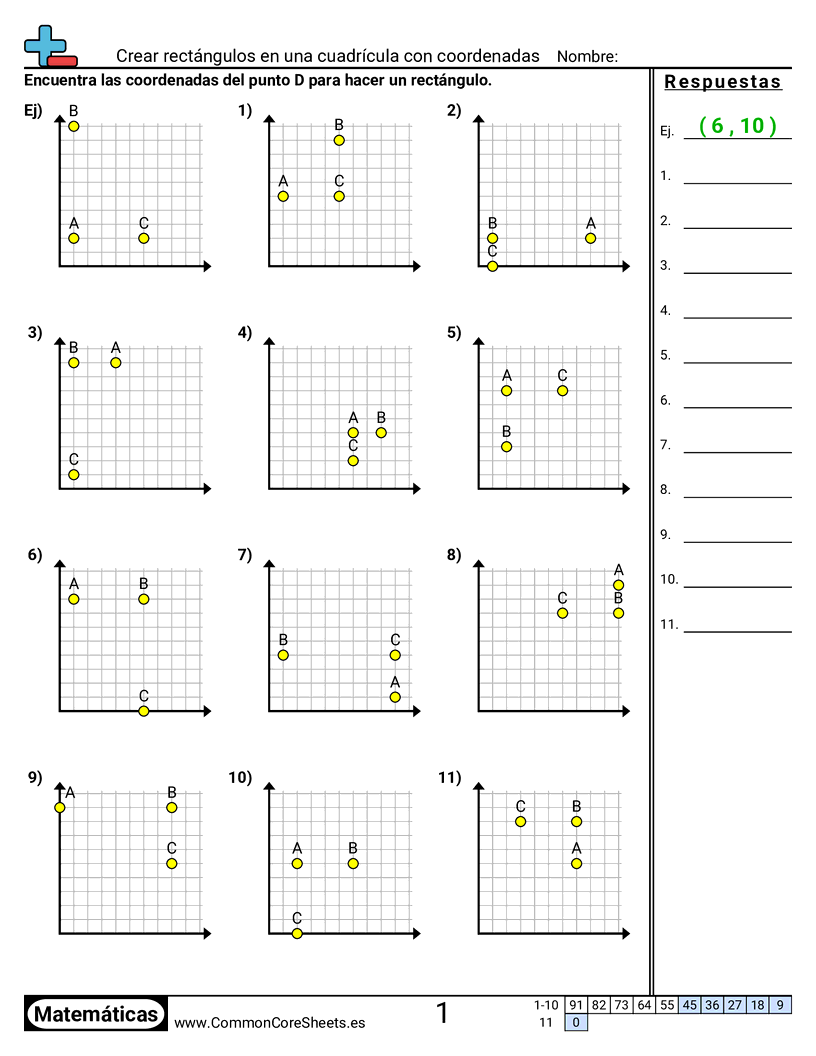 Hojas de trabajo gratis de math para 5to Grado (5g1) sobre Crear rectángulos en una cuadrícula con coordenadas. Cada hoja tiene 11 ejercicios con hoja de respuestas y es ideal para maestros y educación en casa. Puedes descargar el PDF, crear tarjetas de memoria o configurarlo para aprendizaje en línea.
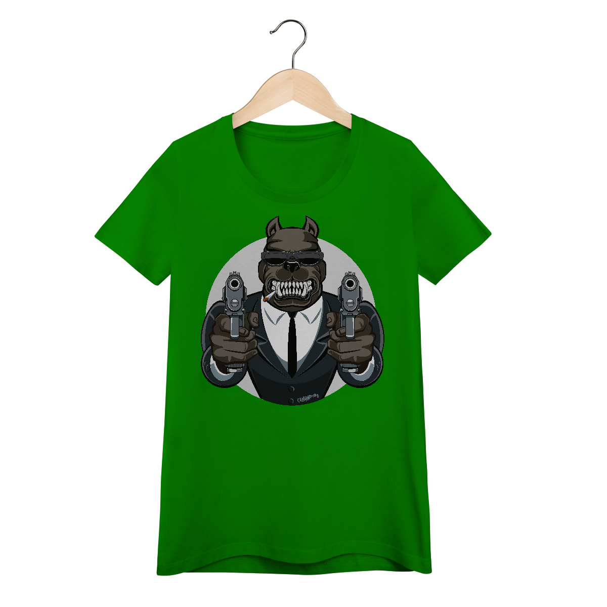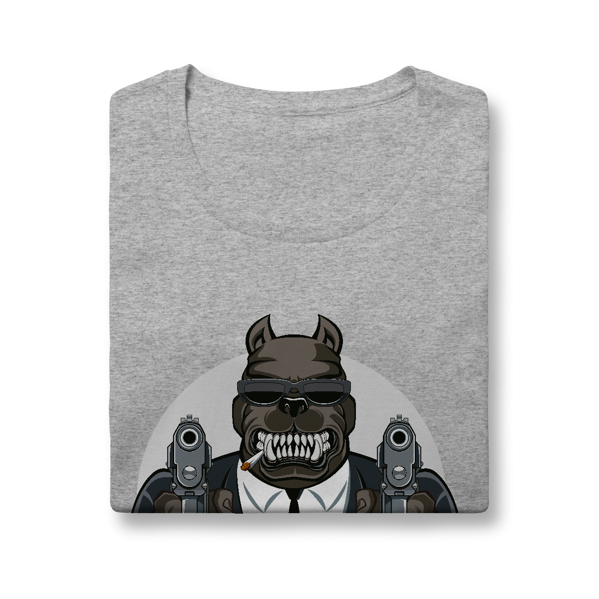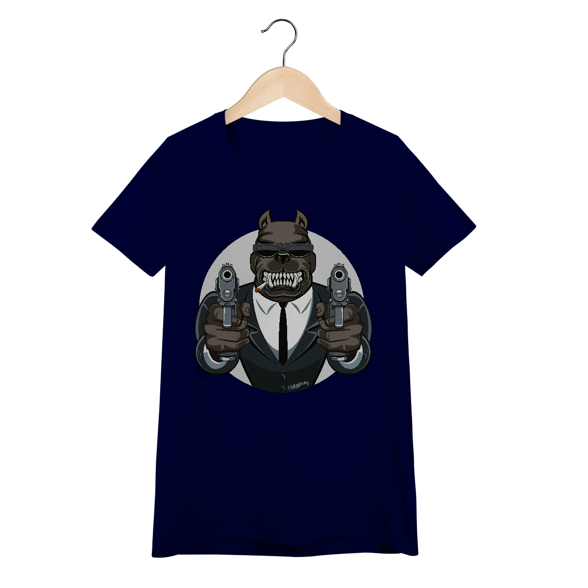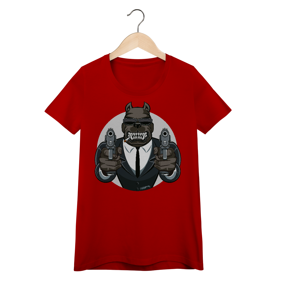 Estampa irada com um cachorro Pitbull segurando duas armas e fumando, bem no estilo mafioso.
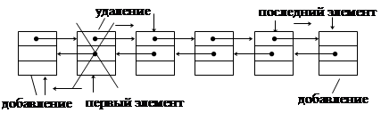 Рис.1.10. Организация дека с ограниченным выходом на основе двусвязанного линейного списка

▶ _ABOUT THIS EXERCISE_
Beginning with the line that contains "Estampa irada com" in the data above, please copy each line exactly until the last line, both ends included, skipping any pictures.

▶ _SOLUTION TO THIS TASK_
 Estampa irada com um cachorro Pitbull segurando duas armas e fumando, bem no estilo mafioso.
 Рис.1.10. Организация дека с ограниченным выходом на основе двусвязанного линейного списка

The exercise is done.